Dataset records
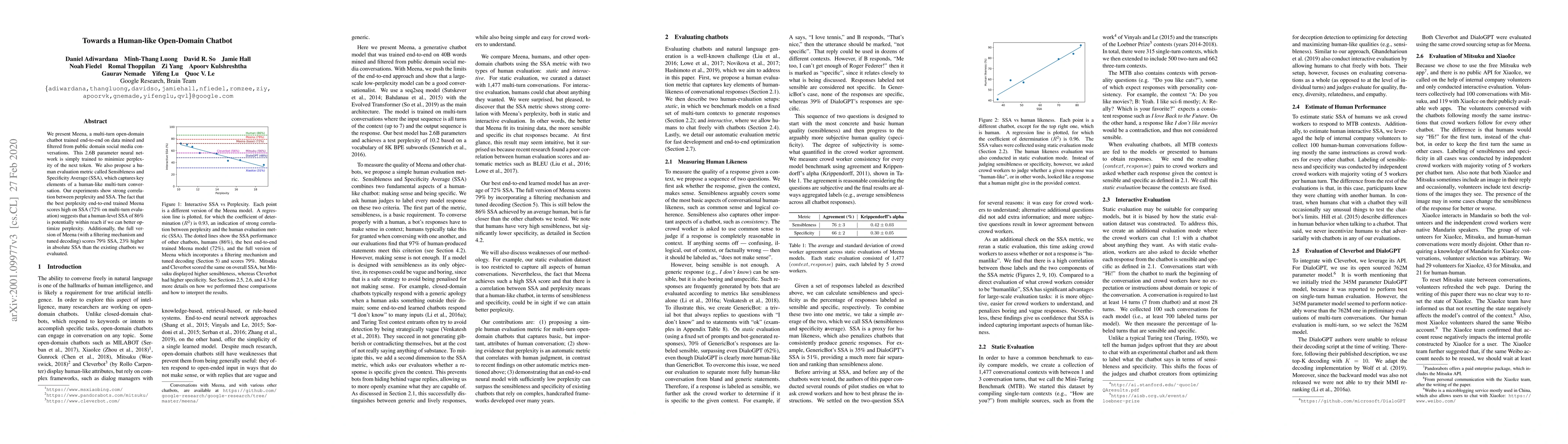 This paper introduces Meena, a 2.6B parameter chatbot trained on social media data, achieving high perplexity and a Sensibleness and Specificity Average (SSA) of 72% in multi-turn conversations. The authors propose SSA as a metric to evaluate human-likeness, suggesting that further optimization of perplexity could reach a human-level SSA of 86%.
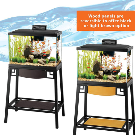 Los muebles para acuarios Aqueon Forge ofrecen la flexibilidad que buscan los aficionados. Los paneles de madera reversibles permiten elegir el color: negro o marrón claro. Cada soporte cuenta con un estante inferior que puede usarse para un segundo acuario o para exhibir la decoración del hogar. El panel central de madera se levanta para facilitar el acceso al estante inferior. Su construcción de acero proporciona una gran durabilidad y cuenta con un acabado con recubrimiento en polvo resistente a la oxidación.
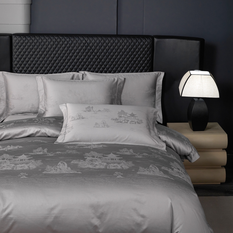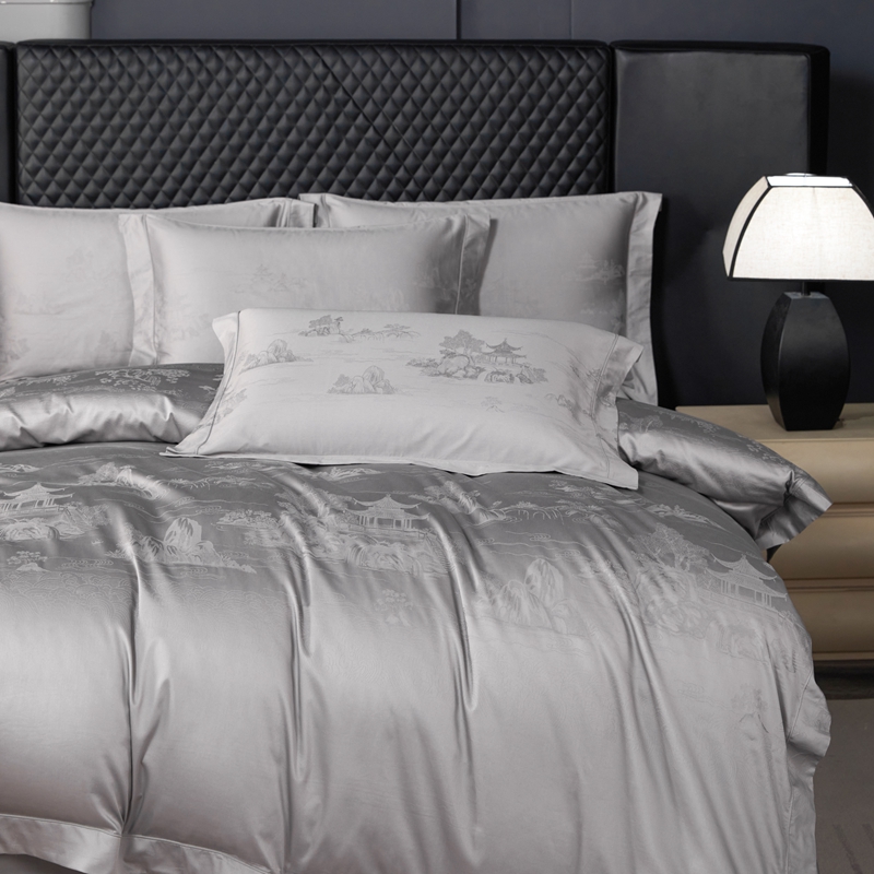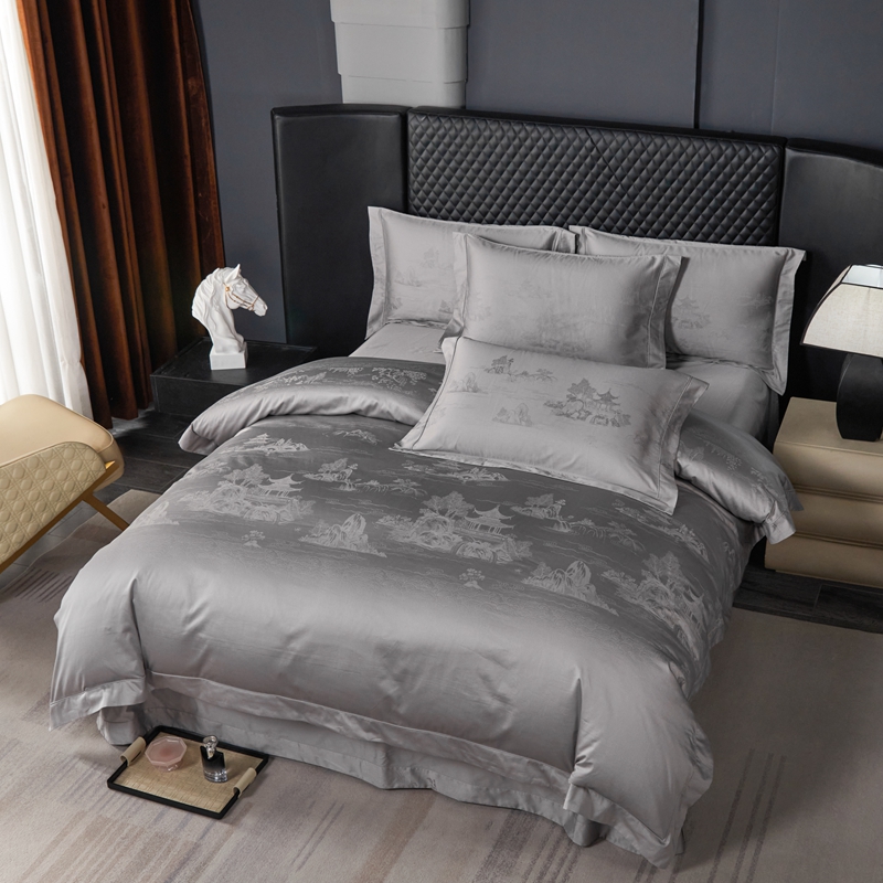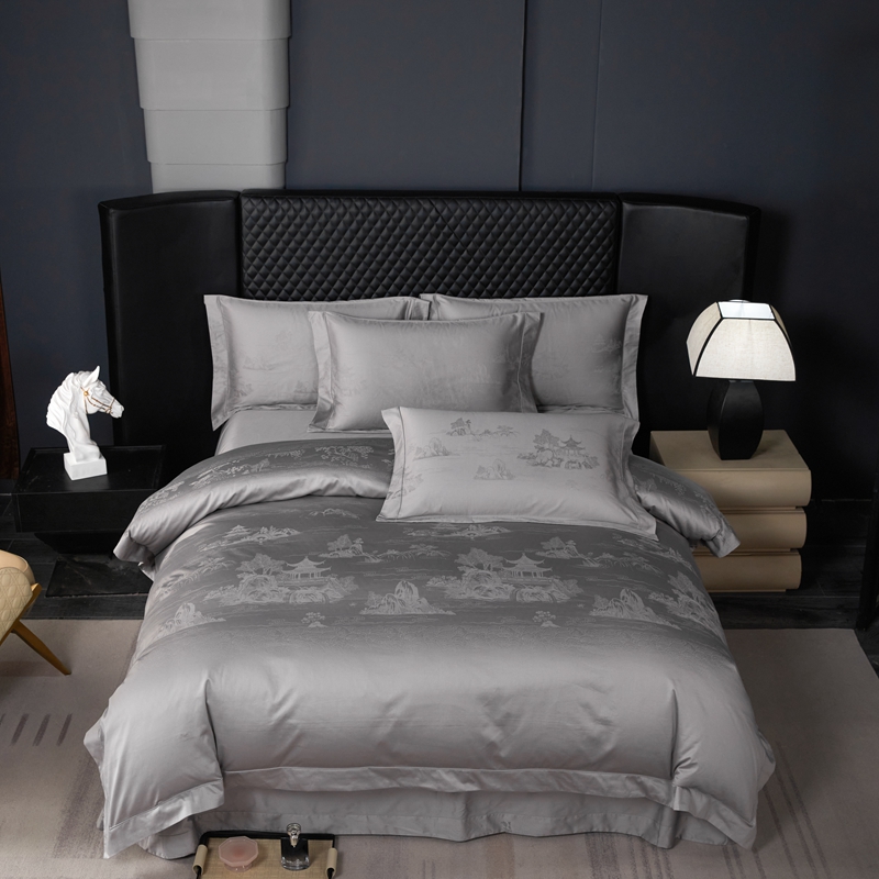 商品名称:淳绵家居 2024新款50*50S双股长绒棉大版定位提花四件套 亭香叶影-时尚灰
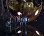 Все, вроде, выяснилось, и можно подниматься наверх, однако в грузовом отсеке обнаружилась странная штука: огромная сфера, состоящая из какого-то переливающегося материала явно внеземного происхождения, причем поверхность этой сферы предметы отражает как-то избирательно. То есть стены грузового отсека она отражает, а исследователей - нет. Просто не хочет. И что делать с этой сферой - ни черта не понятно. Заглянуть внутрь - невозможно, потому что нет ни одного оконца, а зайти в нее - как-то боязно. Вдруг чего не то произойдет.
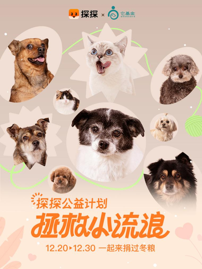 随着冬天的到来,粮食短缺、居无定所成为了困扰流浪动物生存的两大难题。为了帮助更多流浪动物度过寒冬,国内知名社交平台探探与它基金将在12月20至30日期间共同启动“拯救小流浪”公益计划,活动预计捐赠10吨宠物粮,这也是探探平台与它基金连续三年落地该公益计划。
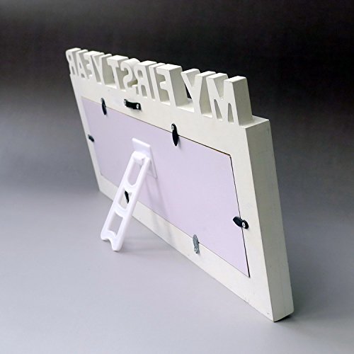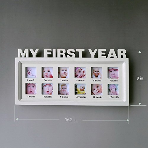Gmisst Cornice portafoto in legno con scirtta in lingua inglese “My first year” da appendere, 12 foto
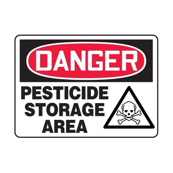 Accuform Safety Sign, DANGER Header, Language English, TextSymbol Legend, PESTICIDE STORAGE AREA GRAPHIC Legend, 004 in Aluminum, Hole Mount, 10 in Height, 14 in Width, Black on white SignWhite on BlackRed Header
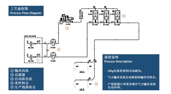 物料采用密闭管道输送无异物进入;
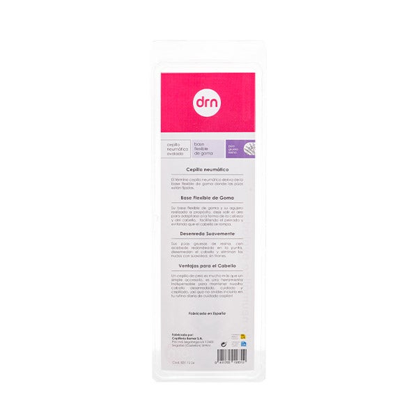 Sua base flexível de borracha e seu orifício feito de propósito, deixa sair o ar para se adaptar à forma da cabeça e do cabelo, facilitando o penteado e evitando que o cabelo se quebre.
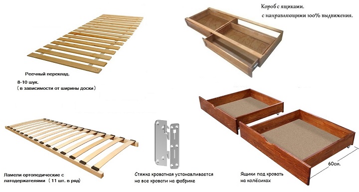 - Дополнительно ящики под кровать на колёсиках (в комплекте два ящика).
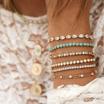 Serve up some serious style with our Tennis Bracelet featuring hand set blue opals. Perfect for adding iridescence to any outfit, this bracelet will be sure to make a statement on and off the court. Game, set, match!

EXERCISE DIRECTIONS
Write out again, exactly, each line from the one containing "- Дополнительно ящики" through the last line of the entries, and omit every picture.

SOLUTION FOR THIS TASK
 - Дополнительно ящики под кровать на колёсиках (в комплекте два ящика).
 Serve up some serious style with our Tennis Bracelet featuring hand set blue opals. Perfect for adding iridescence to any outfit, this bracelet will be sure to make a statement on and off the court. Game, set, match!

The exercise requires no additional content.